Nenad Šulović

Personal information
- Born: October 3, 1985 (age 40) Belgrade, SFR Yugoslavia
- Nationality: Serbian
- Listed height: 2.03 m (6 ft 8 in)
- Listed weight: 150 kg (331 lb)

Career information
- NBA draft: 2007: undrafted
- Playing career: 2004–present
- Position: Power forward / center

Career history
- 2004–2006: Beovuk
- 2006–2007: OKK Beograd
- 2007–2008: Polpak Świecie
- 2008–2009: Napredak Kruševac
- 2009: MBK Rieker Komárno
- 2009: CS Otopeni
- 2010: OKK Beograd
- 2010–2011: Napredak Kruševac
- 2011: Radnički Kragujevac
- 2011–2013: Igokea
- 2013–2014: Zepter Vienna
- 2014–2015: Balkan Botevgrad
- 2015: Mega Leks
- 2015–2016: Dinamo București
- 2016–2019: SZTE-Szedeák
- 2019–2020: Pécsi VSK-Veolia
- 2020: SCM U Craiova
- 2020–2024: Dynamic Belgrade

Career highlights
- Bosnian League champion (2013); Bosnian Cup champion (2013); Serbian First League MVP (2011);

= Nenad Šulović =

Serbian basketball player

Nenad Šulović (Serbian Cyrillic: Ненад Шуловић; born October 3, 1985) is a retired Serbian professional basketball player. Standing at , he can play both power forward and center positions.

==Professional career==
Šulović started his career with Beovuk 72. For the 2006–07 season he moved to OKK Beograd. For the 2007–08 season he signed with Polpak Świecie of the Polish Basketball League.

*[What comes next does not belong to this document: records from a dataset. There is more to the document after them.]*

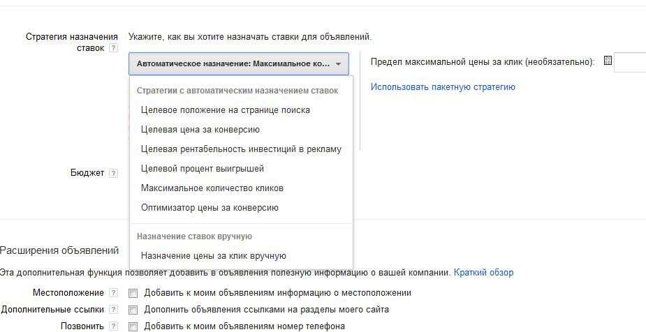 Видно, что есть шесть автоматических стратегий, которые будут сами назначать цену, а вы сможете указать лишь дневной бюджет. Также есть возможность назначать цену за клик вручную, лучше выбрать именно эту опцию, что я и сделаю в своем примере. Дело в том, что автоматические стратегии не позволят вам оптимизировать рекламную кампанию, ручная настройка почти всегда гораздо выгоднее. О стратегии ставок я еще расскажу ниже.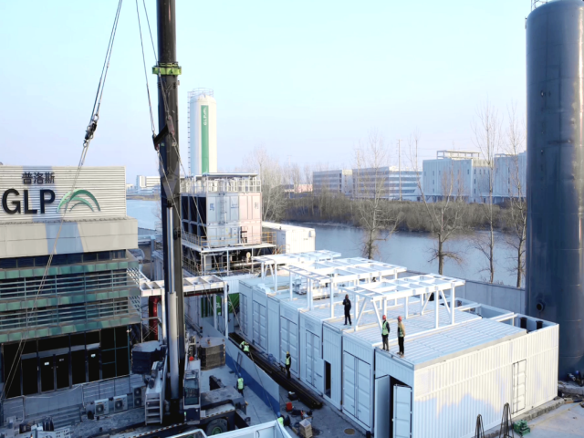三期項目將單機冷量從1300RT提升至2200RT,創下了目前國內外最大規模的預制集成冷站紀錄。預制化集成冷站在工廠進行預裝和調試,解體后運至現場進行拼裝組合,在20小時內集裝箱吊裝拼接就位,冷卻塔僅需簡單吊裝就位以及管路連接。就位后半個月即可完成內部管道、橋架、電纜等施工連接,具備通水通電條件,節省了大量現場施工時間,較一二期的室內預制化解決方案相比,吊裝時間優化至16小時,整體項目交付周期縮短30%以上。以預制化建設、智能運維與超低PUE的卓越實踐,為數據中心行業呈現了高效與節能并重的行業新范式。它不僅是一次技術集成的成功示范,更是對未來數據中心“快速交付、綠色運營”模式的有力回應。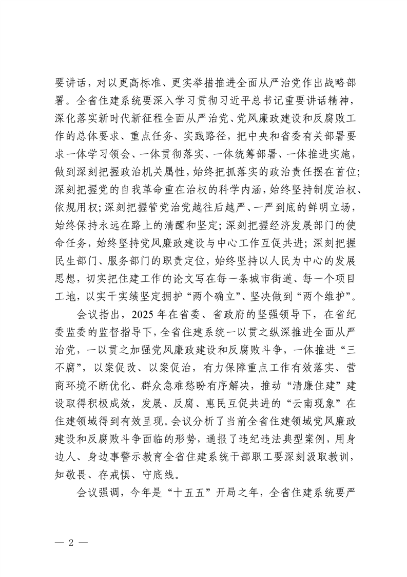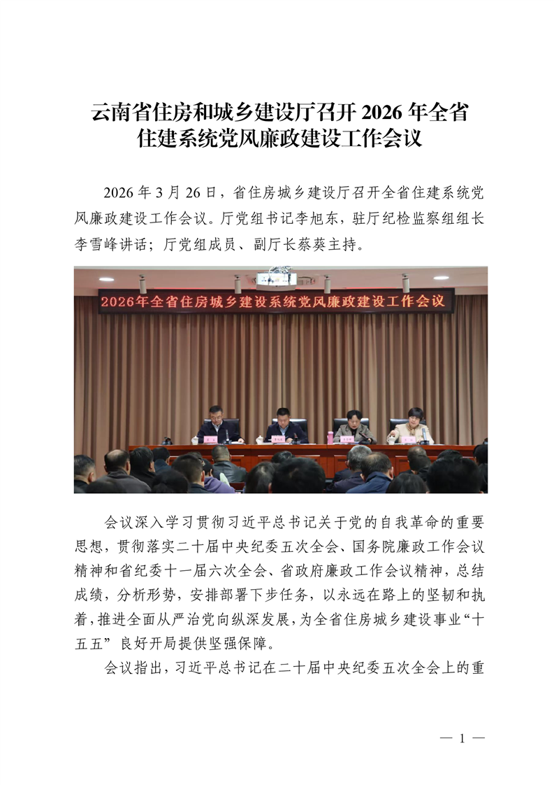 云南省住房和城乡建设厅召开2026 年全省住建系统党风廉政建设工作会议

For the 2008–09 season he signed with Napredak Kruševac. In February 2009, he left Napredak and signed with MBK Rieker Komárno of the Slovak Extraliga for the rest of the season.

On June 22, 2009, he signed with the Romanian team CS Otopeni. In December 2009, Otopeni released him. In February 2010, he returned to Serbia and signed with OKK Beograd for the rest of the season.

For the 2010–11 season he returned to Napredak Kruševac. In March 2011, he left Napredak and signed with Radnički Kragujevac for the rest of the season.

On August 18, 2011, he signed with the Bosnian team Igokea. On July 1, 2012, he re-signed with Igokea for one more season. In his second season with the club, he won the Bosnian League and Cup.

In July 2013, he signed with Zepter Vienna of the Österreichische Basketball Bundesliga for the 2013–14 season.

On October 6, 2014, he signed with the Bulgarian team Balkan Botevgrad. On March 2, 2015, he left Balkan and signed with Mega Leks for the rest of the season.

On June 30, 2015, he signed with Dinamo București of Romania.

On September 14, 2016, he signed with SZTE-Szedeák for the 2016–17 season.